■ **YOUR TASK**
Every line of the records below from the line with "Scheibe gezahnt Ø 52 cm" up to and including the line with "G-STAR neu Nähe Eingang 5" must be reproduced exactly, and no line outside that range.
╭─ AVAILABLE DATA
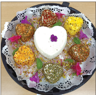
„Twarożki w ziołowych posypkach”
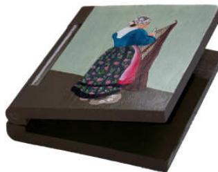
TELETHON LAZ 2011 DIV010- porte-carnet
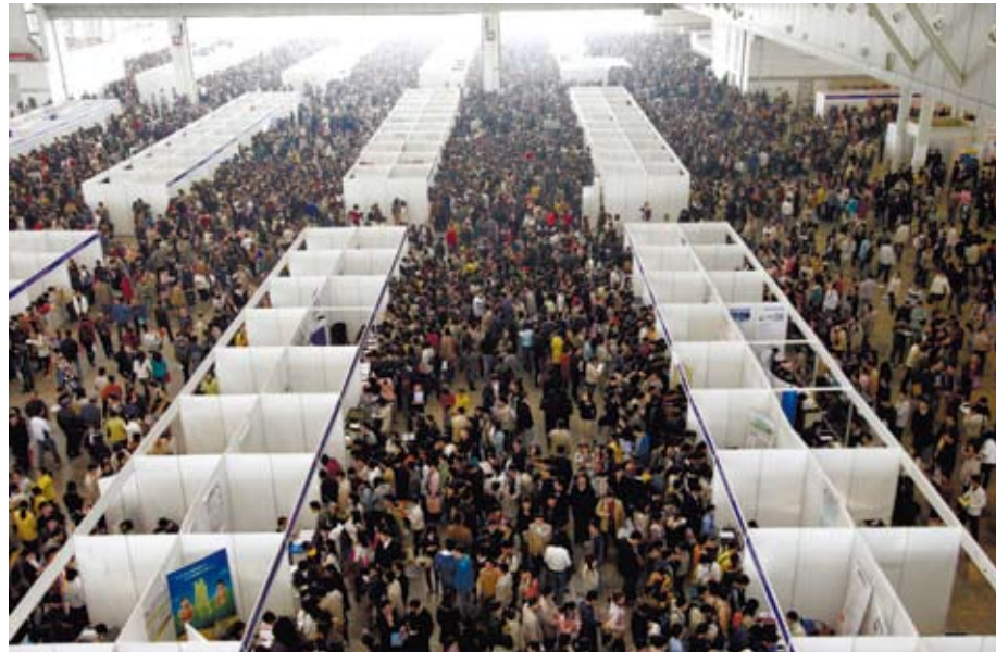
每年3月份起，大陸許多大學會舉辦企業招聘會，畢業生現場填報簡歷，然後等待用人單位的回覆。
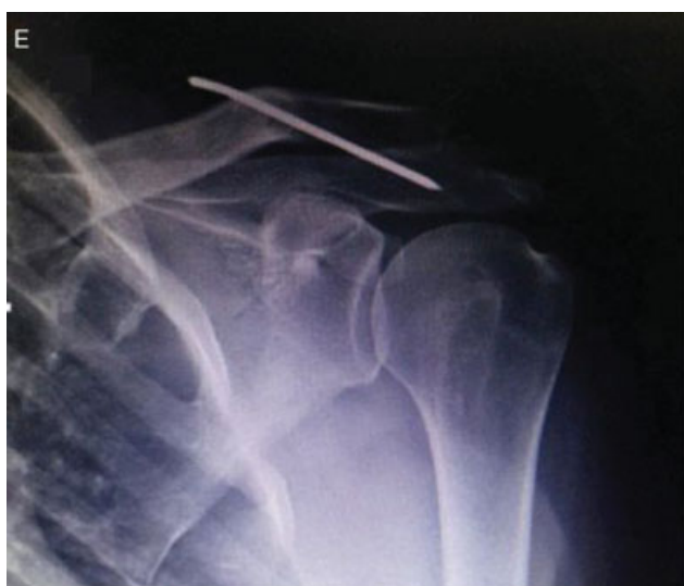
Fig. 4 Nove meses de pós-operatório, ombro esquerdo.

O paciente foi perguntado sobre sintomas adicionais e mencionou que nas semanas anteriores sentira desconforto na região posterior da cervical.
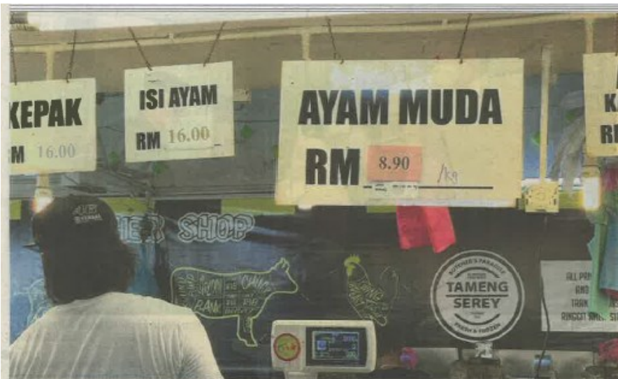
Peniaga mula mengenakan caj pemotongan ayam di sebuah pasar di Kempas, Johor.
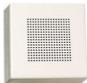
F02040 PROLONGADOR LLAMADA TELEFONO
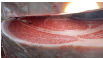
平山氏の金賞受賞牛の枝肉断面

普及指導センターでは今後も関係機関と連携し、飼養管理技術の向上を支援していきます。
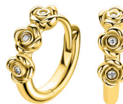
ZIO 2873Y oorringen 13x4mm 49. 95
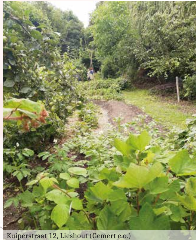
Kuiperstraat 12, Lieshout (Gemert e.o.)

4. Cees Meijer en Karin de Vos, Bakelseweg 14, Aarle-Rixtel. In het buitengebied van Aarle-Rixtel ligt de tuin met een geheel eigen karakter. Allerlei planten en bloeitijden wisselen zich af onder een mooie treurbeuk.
╰─
╭─ AVAILABLE DATA
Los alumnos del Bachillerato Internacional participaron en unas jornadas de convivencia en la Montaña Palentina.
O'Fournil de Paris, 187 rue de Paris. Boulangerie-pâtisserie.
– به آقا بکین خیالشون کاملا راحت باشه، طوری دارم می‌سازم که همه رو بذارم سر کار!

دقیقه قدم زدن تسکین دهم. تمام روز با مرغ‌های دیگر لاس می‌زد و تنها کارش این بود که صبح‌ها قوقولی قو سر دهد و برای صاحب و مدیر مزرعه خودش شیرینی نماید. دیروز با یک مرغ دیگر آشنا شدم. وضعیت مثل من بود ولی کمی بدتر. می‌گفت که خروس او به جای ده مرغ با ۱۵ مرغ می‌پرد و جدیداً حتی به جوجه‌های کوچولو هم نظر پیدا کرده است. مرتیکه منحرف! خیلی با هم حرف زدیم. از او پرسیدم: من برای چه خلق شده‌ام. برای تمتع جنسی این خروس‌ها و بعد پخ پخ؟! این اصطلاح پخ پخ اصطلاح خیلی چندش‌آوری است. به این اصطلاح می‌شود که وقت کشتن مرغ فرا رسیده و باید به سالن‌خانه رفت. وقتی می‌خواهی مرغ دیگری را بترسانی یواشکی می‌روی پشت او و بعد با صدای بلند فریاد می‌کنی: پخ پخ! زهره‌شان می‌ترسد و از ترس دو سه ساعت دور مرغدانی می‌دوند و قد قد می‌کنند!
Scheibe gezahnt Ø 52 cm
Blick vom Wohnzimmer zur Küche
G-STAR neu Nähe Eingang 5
╰─
■ **TASK SOLUTION**
Scheibe gezahnt Ø 52 cm
Blick vom Wohnzimmer zur Küche
G-STAR neu Nähe Eingang 5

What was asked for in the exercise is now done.